TASK GOAL: For the data that follows, return each line unchanged and drop the pictures.

DATA EXTRACTS:
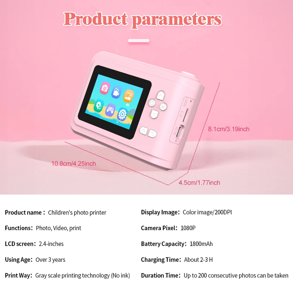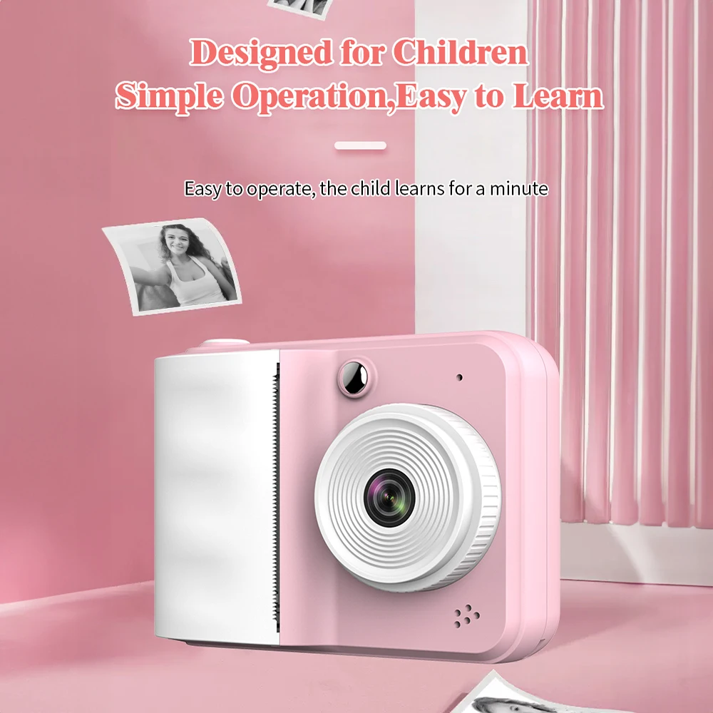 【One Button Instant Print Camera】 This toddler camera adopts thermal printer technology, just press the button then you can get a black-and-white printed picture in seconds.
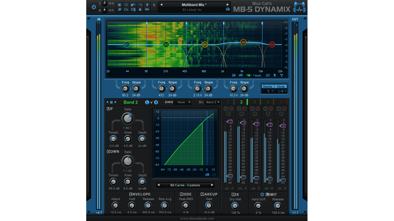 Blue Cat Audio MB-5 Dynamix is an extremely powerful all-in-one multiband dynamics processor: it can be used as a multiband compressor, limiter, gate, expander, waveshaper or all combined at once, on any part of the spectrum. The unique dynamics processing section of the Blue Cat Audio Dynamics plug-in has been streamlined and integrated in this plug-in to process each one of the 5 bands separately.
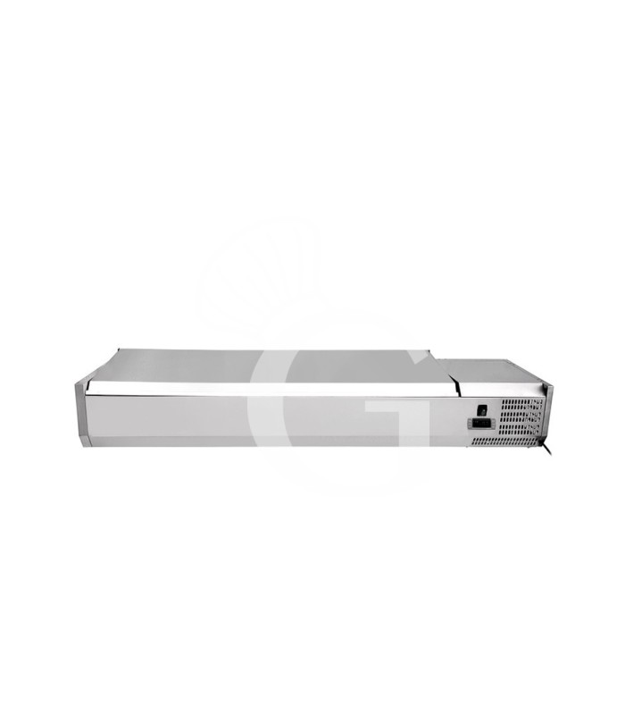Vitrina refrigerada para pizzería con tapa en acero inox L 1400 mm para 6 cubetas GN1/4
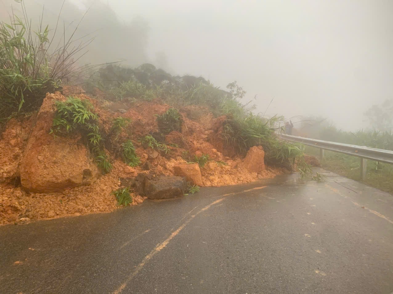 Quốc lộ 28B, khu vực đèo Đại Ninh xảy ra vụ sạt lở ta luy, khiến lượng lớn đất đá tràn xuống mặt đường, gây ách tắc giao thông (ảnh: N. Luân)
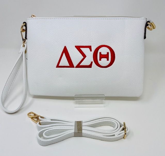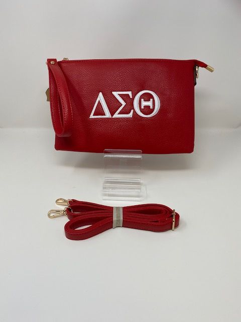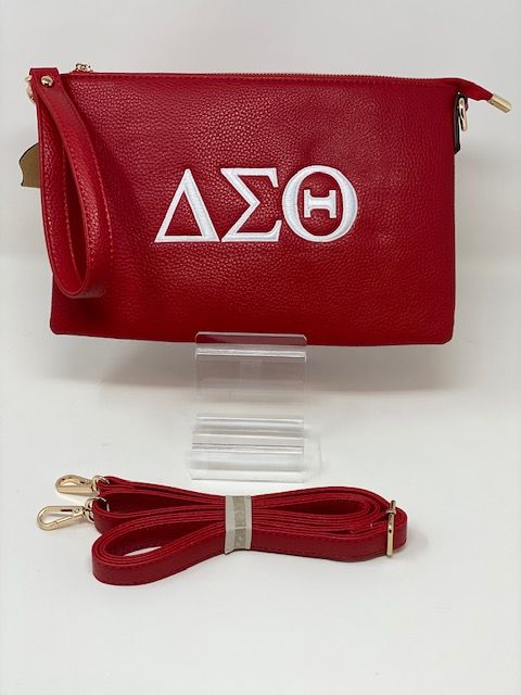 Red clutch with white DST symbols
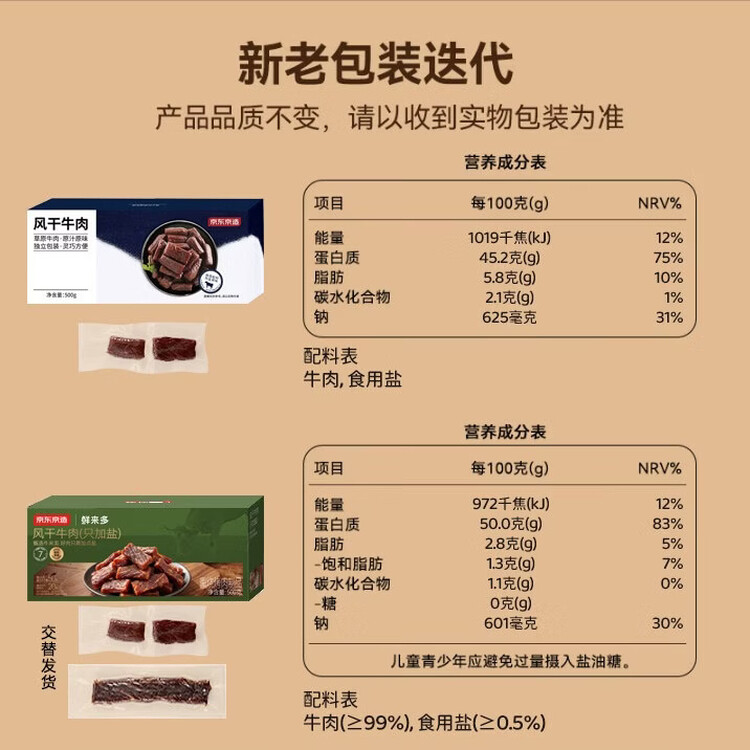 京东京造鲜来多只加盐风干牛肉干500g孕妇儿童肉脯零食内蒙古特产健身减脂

WRITTEN RESPONSE:
 【One Button Instant Print Camera】 This toddler camera adopts thermal printer technology, just press the button then you can get a black-and-white printed picture in seconds.
 Blue Cat Audio MB-5 Dynamix is an extremely powerful all-in-one multiband dynamics processor: it can be used as a multiband compressor, limiter, gate, expander, waveshaper or all combined at once, on any part of the spectrum. The unique dynamics processing section of the Blue Cat Audio Dynamics plug-in has been streamlined and integrated in this plug-in to process each one of the 5 bands separately.
Vitrina refrigerada para pizzería con tapa en acero inox L 1400 mm para 6 cubetas GN1/4
 Quốc lộ 28B, khu vực đèo Đại Ninh xảy ra vụ sạt lở ta luy, khiến lượng lớn đất đá tràn xuống mặt đường, gây ách tắc giao thông (ảnh: N. Luân)
 Red clutch with white DST symbols
 京东京造鲜来多只加盐风干牛肉干500g孕妇儿童肉脯零食内蒙古特产健身减脂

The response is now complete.